Я ходил с ним иногда послушать музыку. Была такая рыжеволосая певица, которой он симпатизировал, Айви Мануэль, она раз в неделю выступала поздно ночью в одном местечке на Орчард-стрит, иногда в тиаре на голове, точно королева. Она пела каверы “Дикого ветра”, и “Знаменитого синего плаща”, и “Под мостом”, а потом переходила к немногочисленным собственным сочинениям, а Д сидел перед ней за маленьким круглым столом из черного металла, закрывал глаза, покачивался под Боуи и Коэна и шепотом подменял слова “Чили Пепперс”: “Иногда я чувствую, что еще не родился, иногда я чувствую, что не хочу рождаться”. Айви Мануэль была его другом, потому что, говорил он (не в шутку), все встречавшиеся ему девушки традиционной ориентации тут же пытались на него запрыгнуть, но Айви лесбиянка, и с ней можно просто дружить. Он был самым красивым из Голденов, это с готовностью подтвердило бы любое волшебное зеркальце, и он умел быть самым из них обворожительным. Мы все в домах, примыкавших к Саду, стали жертвами его откровенности подранка, и за пределами Сада он тоже вскоре сделался известен. Он уверял, будто чужое внимание его смущает. Куда бы я ни пошел, люди смотрят на меня, говорил он, всегда смотрят, словно я кто‑то, словно от меня чего‑то ждут. Успокойся, отвечала ему Айви, никому от тебя ничего не надо. Он ухмылялся и склонял голову, якобы извиняясь. Шарм был его маской, точно так же, как у Апу: под этой поверхностью он бывал мрачен и часто печалился. С самого начала именно он был тот из братьев, в ком обитала самая темная тьма, хотя он и явился в мир подобный солнечному зайчику, с густыми, почти белыми волосами на голове. Волосы постепенно потемнели, стали каштановыми, и небеса его души тоже заволокло, частенько он впадал в депрессию, в уныние.
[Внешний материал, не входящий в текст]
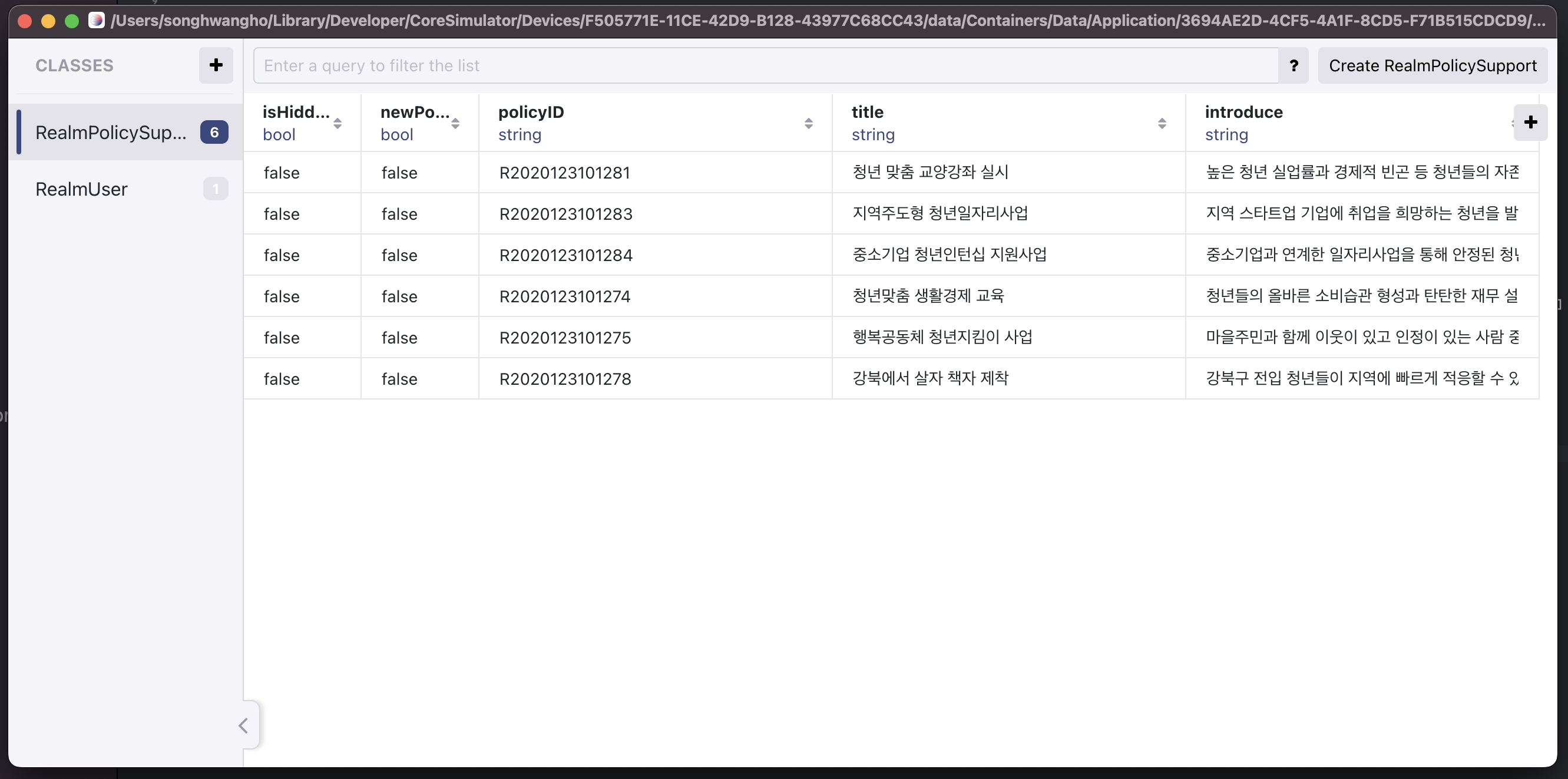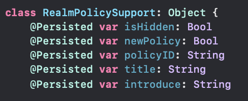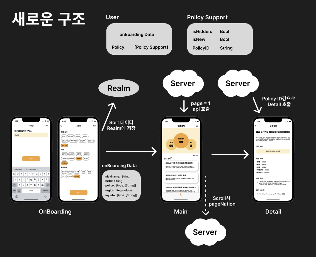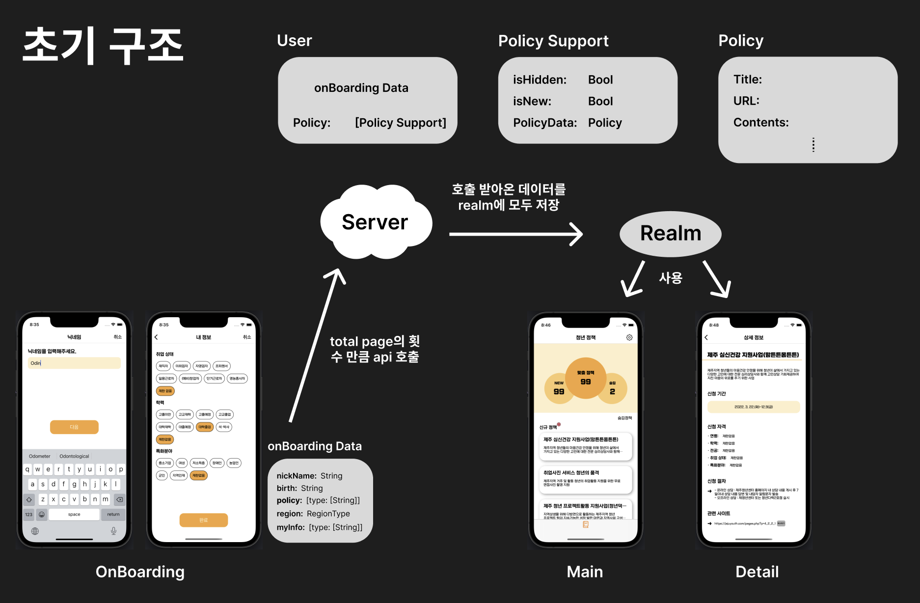 또한 realm에 정책, 내용, url, 지원 절차 등의 모든 데이터를 저장하고 새부 화면에서 띄워주는 방식에서

Айви не слишком подчеркивала свою сексуальную ориентацию, считала, что певице не подобает обклеиваться ярлыками. “Я ничего не скрываю, нет проблем, но думаю, что это не имеет никакого отношения к моей музыке, – говорила она. – Люблю, когда люблю. Не хочу, чтобы люди из‑за этого не слушали мои песни, также не хочу, чтобы они слушали мои песни из‑за этого”. Тем не менее ее аудитория почти целиком состояла из женщин – множества женщин плюс очаровательный молодой человек, которому не нравилось, чтобы на него смотрели, да я.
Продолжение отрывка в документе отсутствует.